Tell claude that you have to manually review every single command, and this is very expensive. It will pivot to techniques that achieve tasks with many fewer commands / lines of code. Then, actually review each command (with a pretty fine toothed comb if this is production lmao)
This is not possible, because systems like "Claude Code" are inherently and fundamentally insecure. Only for models which are open source and with some serious auditing, does the possibility of security even appear.

Also, about those specific commands:

* `cat` can overwrite files. * `SELECT INTO` writes new data.

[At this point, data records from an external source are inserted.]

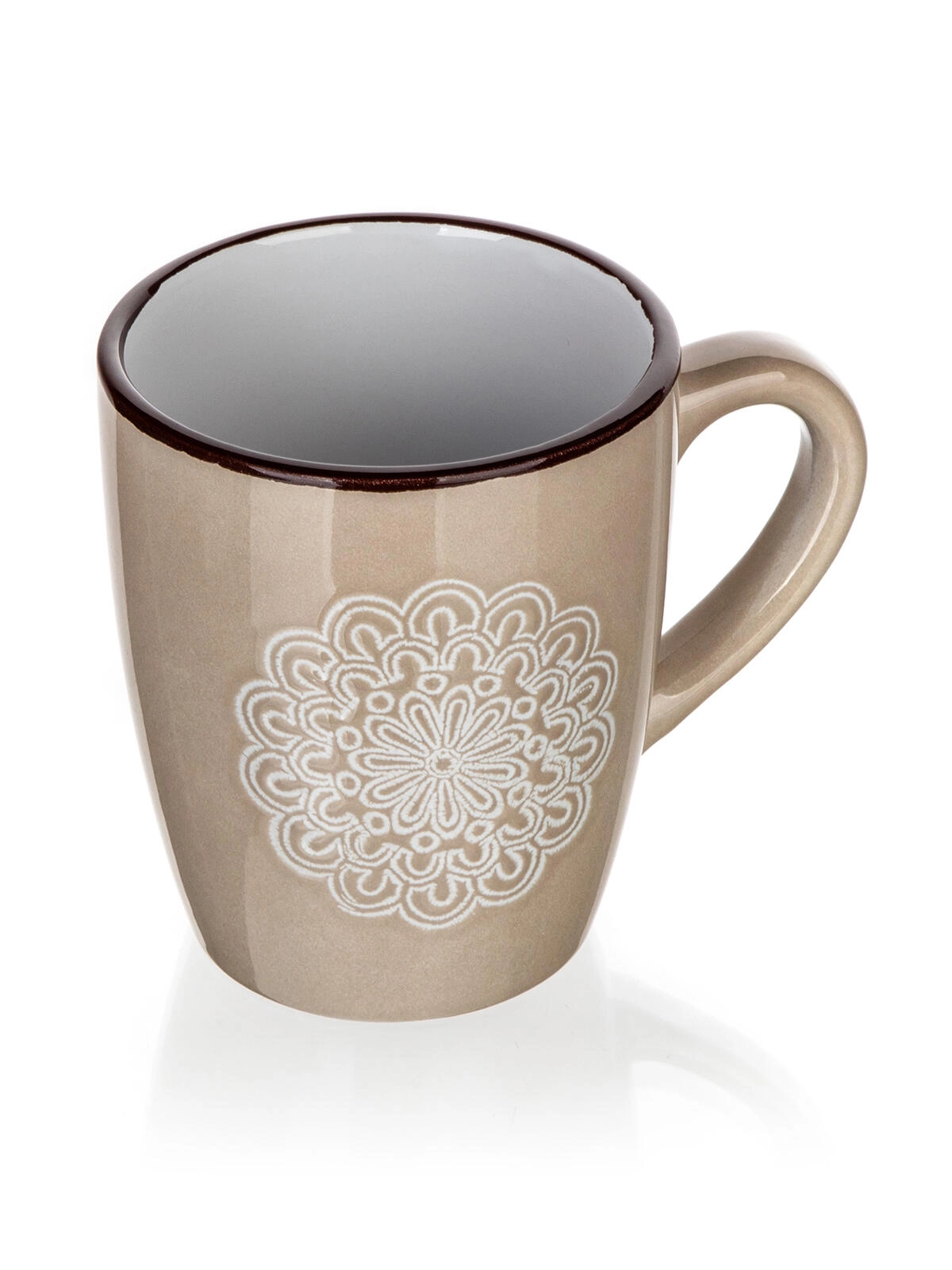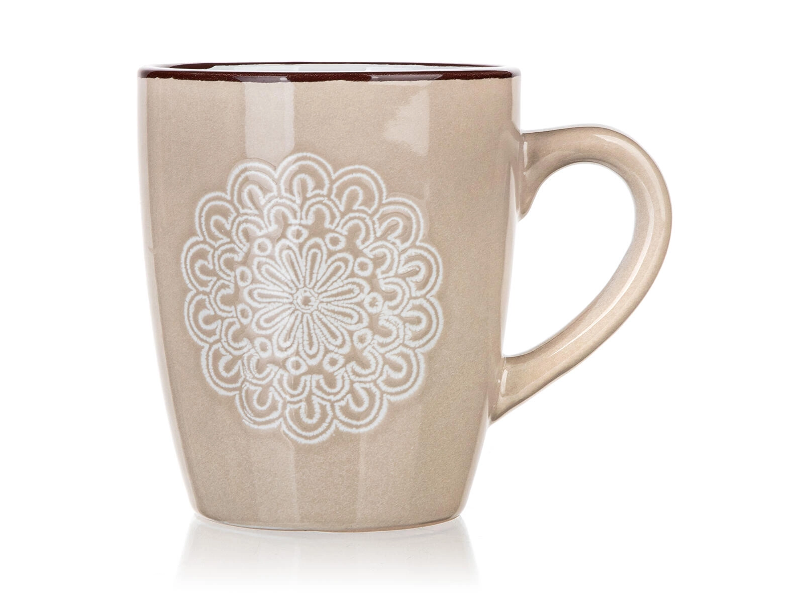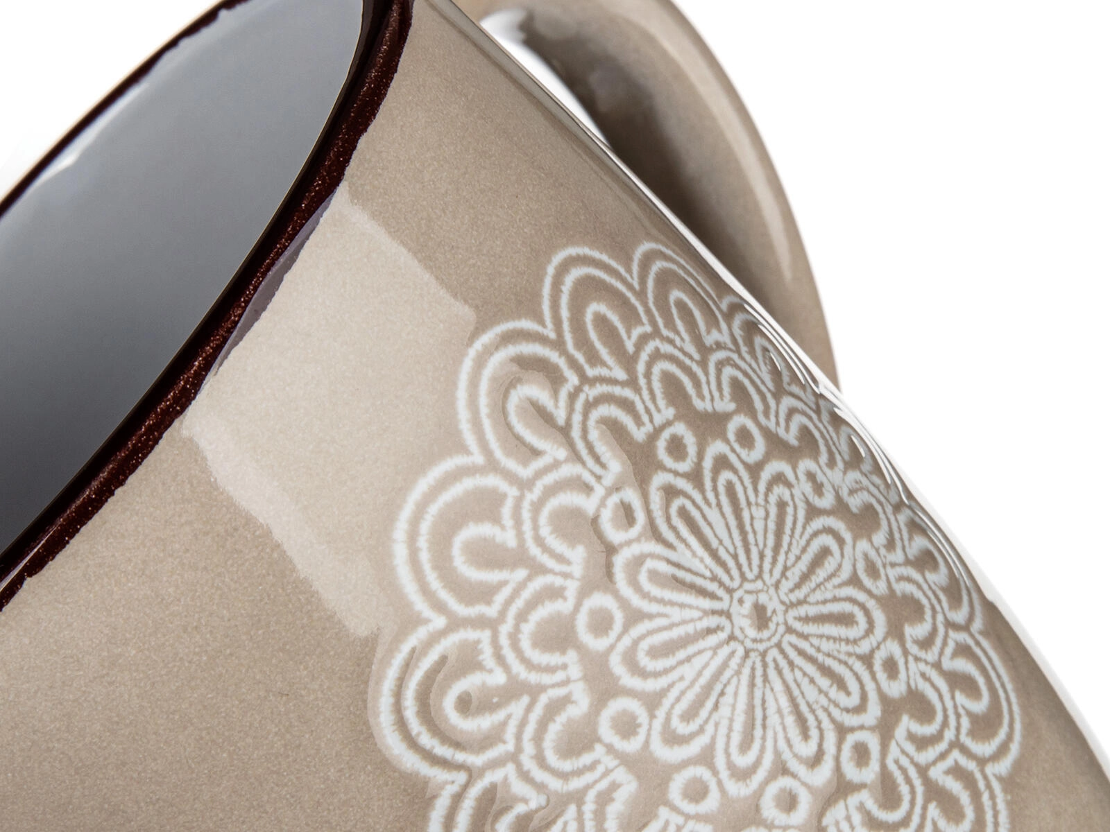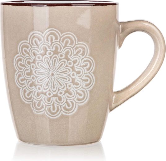 Découvrez un mug qui allie design discret et praticité au quotidien. La teinte crème et le motif dentelle (mandala) en relief apportent une élégante délicatesse à votre table, tandis que la capacité de 400 ml est idéale pour un cappuccino, un thé ou des infusions.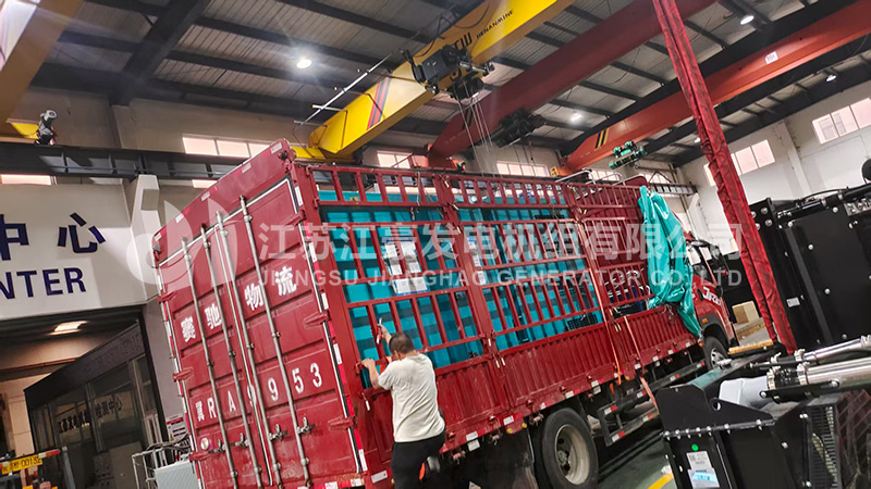 多臺多型柴油發電機組發貨,我公司工程師對機組進行了全面的出廠前檢測調試后,各項指標符合國家標準,下圖為機組出廠現場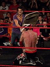 This particular attack was popularized by Edge and Christian and involved two wrestlers sandwiching an opponent's head between two chairs with a simultaneous chair shot from both sides.[13] The "One Man Con-chair-to" involves a wrestler placing their opponent so that they are horizontal with their head resting on a chair, then hitting their head from above with a second chair, squashing the head of the opponent between both.

I build MCP servers that limit the LLM to specific commands.
Only give LLMs SSH access to a machine that you wouldn’t mind getting randomly thrown into the ocean at any moment. Easy peasy
For ssh/shell - set up a regular user, and add capabilities via group membership and/or doas (or sudo).

You want to limit access to files (eg: regular user can't read /etc/shadow or write to /bin/doas or /bin/sh) - and maybe limit some commands (/bin/su).

We build DoltDB, which is a version-controlled SQL database. Recently we've been working with customers doing exactly this, giving an AI agent access to their database. You give the agent its own branch / clone of the prod DB to work on, then merge their changes back to main after review if everything looks good. This requires running Dolt / Doltgres as your database server instead of MySQL / Postgres, of course. But it's free and open source, give it a shot.

https://github.com/dolthub/dolt

Appropriate fine grained permissions, or a readonly copy.

This is nothing new; it’s the logical thing for any use case which doesn’t need to write.

If there is data to write, convert it to a script and put it through code review, make sure you have a rollback plan, then either get a human or non-AI automation tooling to run it while under supervision/monitoring.

Again nothing new, it’s a sensible way to do any one-off data modification.

in posix compatible systems (linux)

adduser llm su llm

There you go. Now you can run commands quite safely. Add or remove permissions with chmod chown and chgrp as needed.

If you need more sophisticated controls try extensions like acl or selinux.

In windows use its builtin use, roles and file permission system.

Nothing new here, we have been treating programs as users for decades now.